The outcome is that attackers claim most of the incentives, leaving little for genuine users.
4. NFT Whitelist Sybils
In popular NFT projects, bots and scripts frequently acquire whitelist spots, with a single operator potentially controlling hundreds of these valuable allocations.
This results in:
- •Failure to build a genuine community.
- •Unsustainable floor prices.
- •Misaligned interests between minters and the project.
- •Rapid ecosystem decay.
5. Node Forgery Attacks (Extremely Dangerous to Chain Security)
In certain light-client networks and DAG-based structures, attackers can establish a large number of nodes to simulate network majority status.
This represents the most perilous form of Sybil attack.
Six Mainstream Anti-Sybil Mechanisms
While the industry has developed a comprehensive toolkit for combating Sybil attacks, no single method is foolproof.
1. Behavior Analysis
This is a common approach that examines:
- •Consistency of interaction windows.
- •Regularity of time intervals between actions.
- •Identical usage patterns across multiple addresses.
The limitation is that scripts can evade detection by incorporating random parameters.
2. Graph Analysis
Graph analysis focuses on:
- •Transfer network structures.
- •Interconnections between addresses.
- •Similarities in on-chain transaction paths.
Attackers can bypass this by "cross-mixing" transaction paths.
3. Device Fingerprints + IP Identification
This intuitive method can be circumvented by VPNs, multiple devices, scripts, and proxy pools.
4. Economic Cost Models (On-chain Actions Have a Cost)
Examples include airdrops requiring high gas fees, frequent interactions, and substantial activity. Script farms can still execute these actions, albeit at a slightly higher cost.
5. KYC (Most Effective but Least Decentralized)
Know Your Customer (KYC) procedures are highly effective but compromise:
- •User privacy.
- •Permissionless access.
- •The trustless and permissionless nature of DeFi.
Consequently, most projects cannot widely adopt this approach.
6. Trusted Execution Environments (TEE)
Technologies like Intel SGX and privacy-preserving proofs are being explored, but they are not yet mature enough for widespread implementation.
Three Fundamental Web3 Properties That Make Sybil Attacks Persistent
- Costless Address Creation: It is impossible to prevent individuals from generating vast numbers of addresses.
- Inherently Anonymous User Identities: Blockchains are designed to function without requiring real-world identity verification.
- Disguised On-chain Behavior:
- •Scripts can simulate infinite users.
- •Transaction paths can be mimicked.
- •Interactions can be duplicated.
- •Suspicious activity can be concealed.
- Attraction of Script Farms to Incentives: Wherever financial incentives exist, Sybil attacks will likely follow.

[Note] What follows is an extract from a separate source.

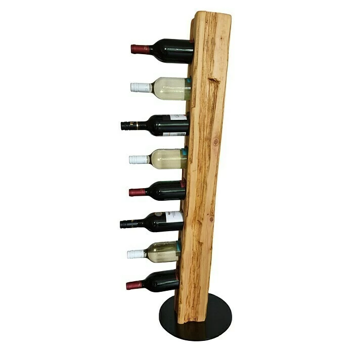 Dieser aus Massivholz in deutscher Handarbeit künstlich auf alt gestylte Weinständer, welcher sich nahtlos in jede Einrichtung einfügt, ist, aufgrund seiner ihm verliehenen Struktur, ein Unikat. Er eignet sich ideal als Geschenk für jeden Weinliebhaber oder für die perfekte Präsentation Ihres guten Weines. Die unterschiedlichen Narben, Risse und Einkerbungen verleihen dem Weinregal seine individuelle Note mit eigenem Charme und Charakter. Dieser Weinhalter weist eine Höhe von 113 cm und einen Durchmesser von 30 cm auf. Er bietet Platz für 8 Weinflaschen bei einem stabilen Stand auf einer runden, schwarz lackierten Stahlplatte. Die Flaschenhalterungen sind für Flaschen bis zu 80 mm Durchmesser (handelsübliche 0,75 l Flaschen) vorgesehen und bieten zudem mit ca. 8 cm Bohrtiefe einen stabilen Halt.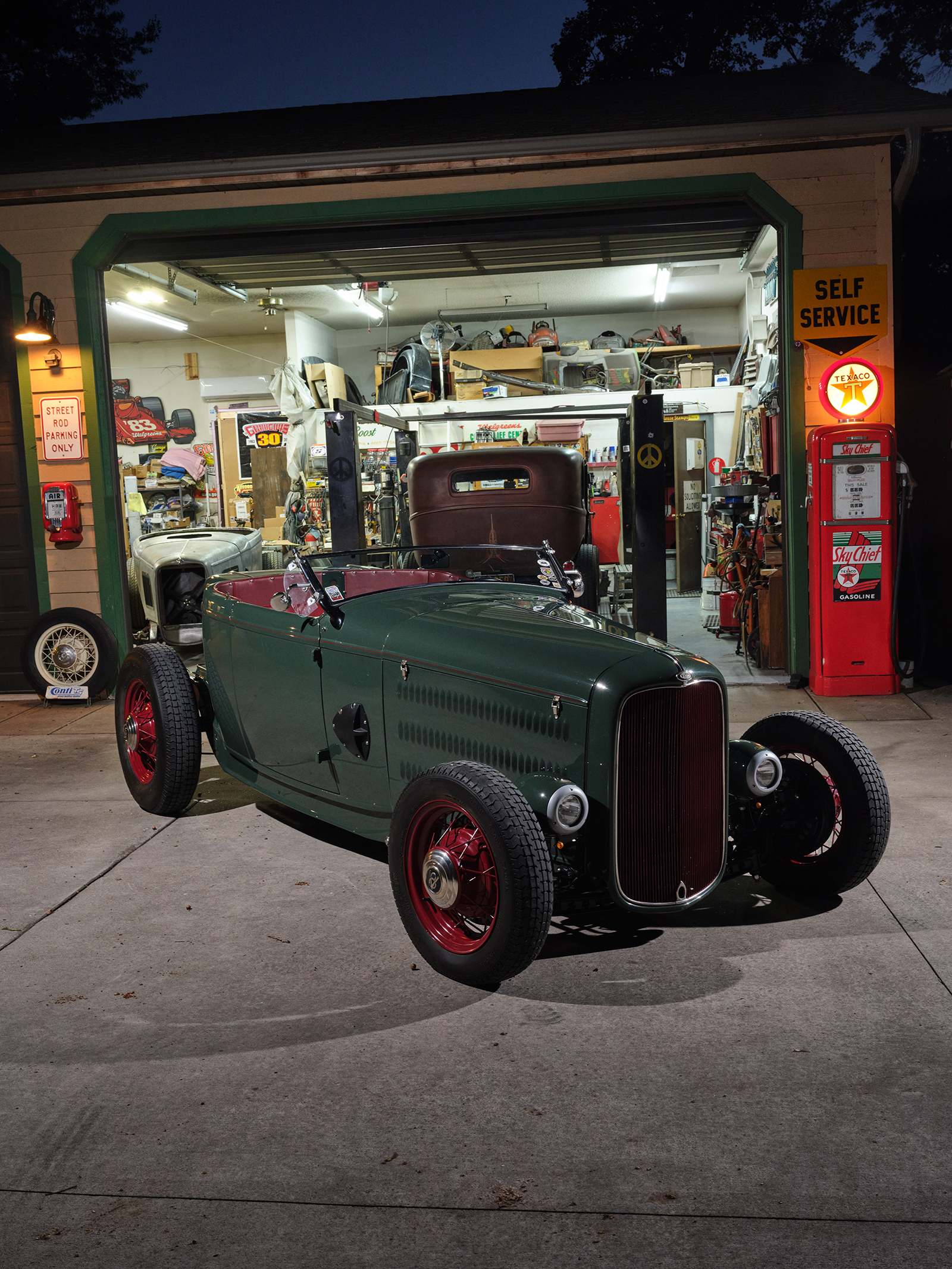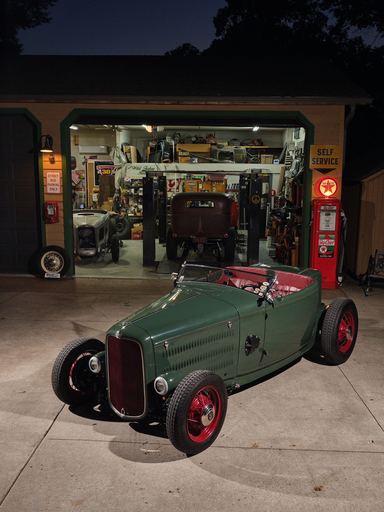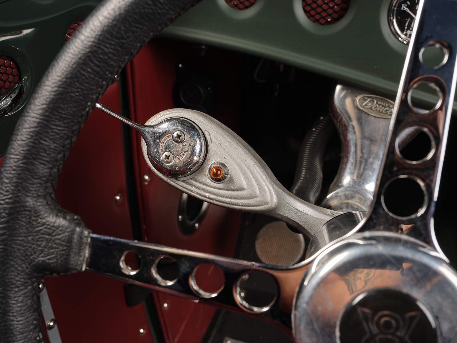 The project began at Cornhusker Rod & Custom where the chassis was built based on American Stamping Deuce framerails that were boxed, pinched in front, and stepped and bobbed in the rear. The chassis features a SO-CAL Speed Shop 5-inch drop-and-drilled I-beam axle with a transversely mounted leaf spring utilizing early Ford spindles and reproduction early Ford lever action shocks. The street rod steering standby is the Vega box with a Speedway Motors quick-release feature steering column and a LimeWorks drilled four-spoke steering wheel. Attached to the Speedway column is a vintage Yankee 960 turn signal mechanism rewired to work in today’s climate.

Future Anti-Sybil Trends in Web3
- •Zero-Knowledge (ZK)-based Identity (ZK-ID): Enabling verification of real human users without revealing their personal information.
- •Soulbound Identity Systems: Enhancing the non-transferability of accounts to prevent identity theft and manipulation.
- •Dynamic Participation Rating (DPR): Assigning greater weight to participants demonstrating genuine and consistent engagement.
- •Cross-Chain Identity: Evaluating user authenticity based on aggregated behavior across multiple blockchain networks.
- •High-Frequency Behavioral Graphing (with AI): Leveraging artificial intelligence to play a central role in future Anti-Sybil defense systems.
Conclusion: Sybil Attacks Will Never Disappear, but They Can Be Managed
Sybil attacks are an inherent structural feature of Web3 and will persist. However, the industry must focus on:
- •Understanding their mechanisms.
- •Developing effective identification methods.
- •Implementing robust management strategies.
- •Building Sybil-resistant systems.
- •Designing incentive models resilient to such attacks.
This responsibility lies not only with project teams but is also crucial for the sustainable and healthy growth of the industry.
- •Comprehending Sybil attacks provides insight into the "real world" of Web3.
- •Understanding how to defend against them illuminates the future direction of Web3.